• [Exercise goal] Could the listing be repeated exactly, with every picture dropped?

• [Dataset extract]
__________________________________________________
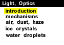 The type of optical effect that results greatly depends upon the type of particles the light encounters and on the wavelength of the light. For this reason, the optical effects discussed in this module have been grouped according to the following classifications of atmospheric particles: air, dust and haze, ice crystals, and water droplets. The navigation menu (left) for this module is called "Light, Optics" and the menu items are arranged in a recommended sequence, beginning with this introduction. In addition, this entire web server is accessible in both "graphics" and "text"-based modes, a feature controlled by the blue "User Interface" menu (located beneath the black navigation menus). More information about the user interface options, the navigation system, or WW2010 in general is accessible from About This Server.
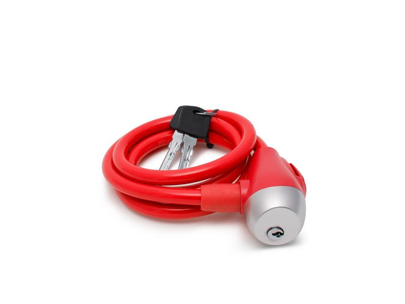 Zámka na kolo (kabelová). Ocelový pogumovaný kabel je odolný proti řezání nebo prostřižení. Kvalitní zámek se 2 klíči.
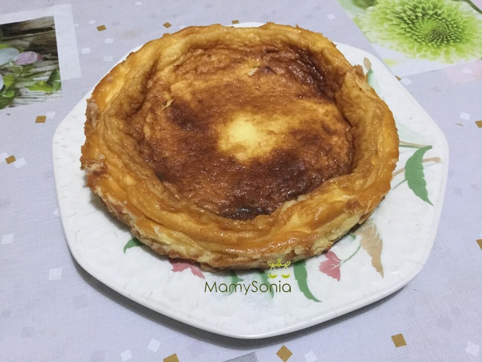Bajamos el horno a 200º, y horneamos unos 50 a 60 minutos. Si vemos que se dora mucho (Aunque esta tarta debe de quedar bien doradita), ponemos en los últimos minutos papel encima.Pinchamos con aguja, si sale limpia ya está. Apagamos el horno, entreabrir la puerta y dejamos unos 15 minutos dentro. Sube mucho y después se baja, es normal.
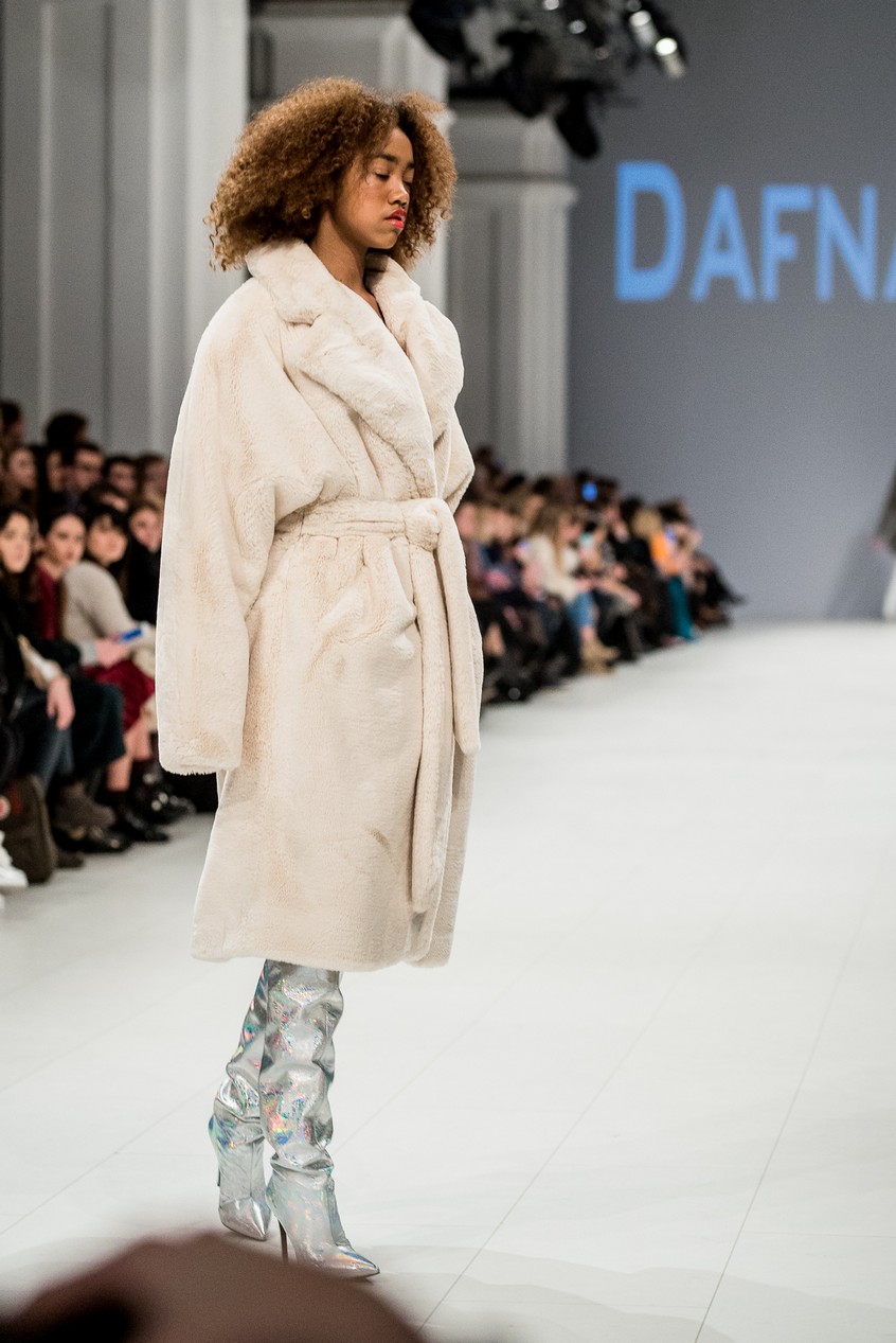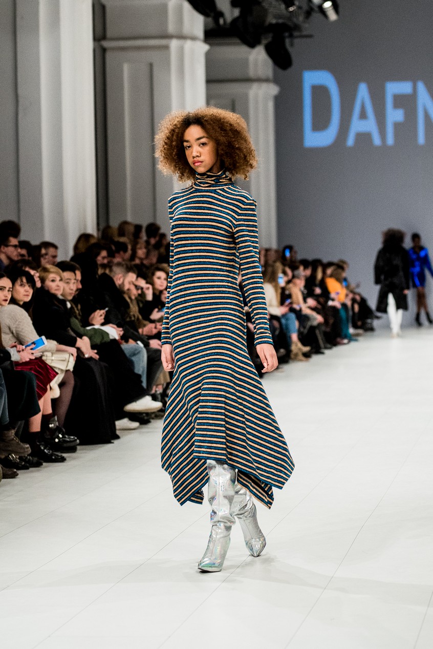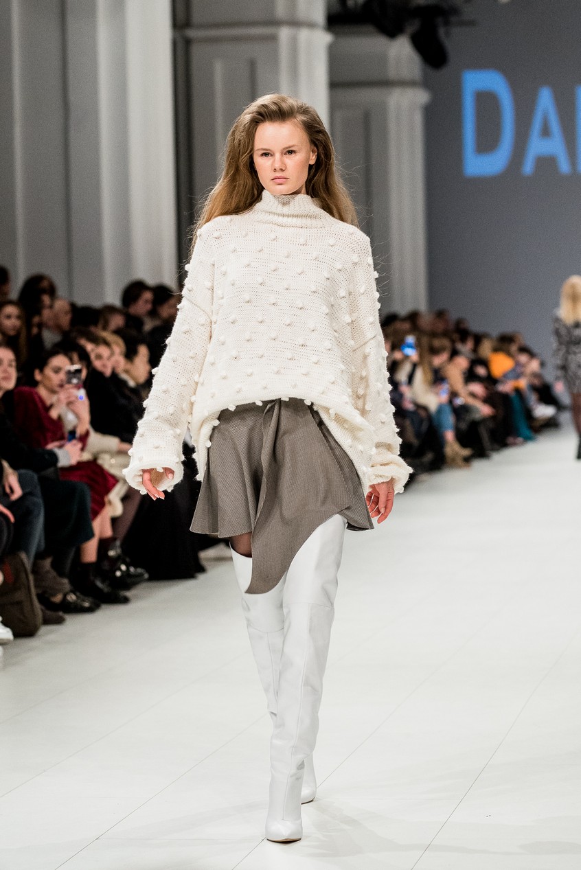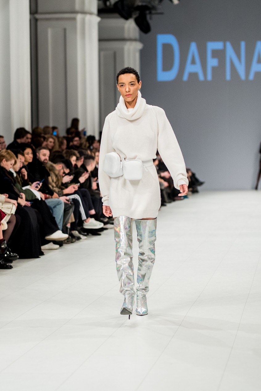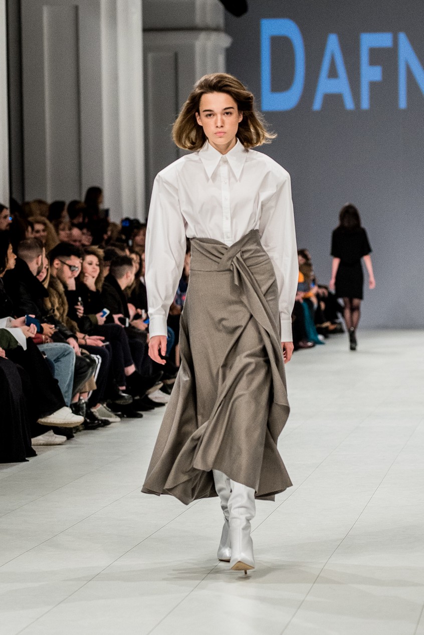 Дафна Майберг, дизайнер бренда Dafna May, устроила в Мыстецком Арсенале свою версию показа Versace: ее шоу завершилось триумфальным выходом украинских моделей Эллы Кандыбы, Эвелины Мамбетовой и Юлианы Дементьевой. Девушки появились на подиуме в футболках с остроумным принтом с черной икрой и в многослойных юбках, объединяя кутюрные и «масс-маркетовые» приемы.
__________________________________________________
• [Reply to the task]
 The type of optical effect that results greatly depends upon the type of particles the light encounters and on the wavelength of the light. For this reason, the optical effects discussed in this module have been grouped according to the following classifications of atmospheric particles: air, dust and haze, ice crystals, and water droplets. The navigation menu (left) for this module is called "Light, Optics" and the menu items are arranged in a recommended sequence, beginning with this introduction. In addition, this entire web server is accessible in both "graphics" and "text"-based modes, a feature controlled by the blue "User Interface" menu (located beneath the black navigation menus). More information about the user interface options, the navigation system, or WW2010 in general is accessible from About This Server.
 Zámka na kolo (kabelová). Ocelový pogumovaný kabel je odolný proti řezání nebo prostřižení. Kvalitní zámek se 2 klíči.
Bajamos el horno a 200º, y horneamos unos 50 a 60 minutos. Si vemos que se dora mucho (Aunque esta tarta debe de quedar bien doradita), ponemos en los últimos minutos papel encima.Pinchamos con aguja, si sale limpia ya está. Apagamos el horno, entreabrir la puerta y dejamos unos 15 minutos dentro. Sube mucho y después se baja, es normal.
 Дафна Майберг, дизайнер бренда Dafna May, устроила в Мыстецком Арсенале свою версию показа Versace: ее шоу завершилось триумфальным выходом украинских моделей Эллы Кандыбы, Эвелины Мамбетовой и Юлианы Дементьевой. Девушки появились на подиуме в футболках с остроумным принтом с черной икрой и в многослойных юбках, объединяя кутюрные и «масс-маркетовые» приемы.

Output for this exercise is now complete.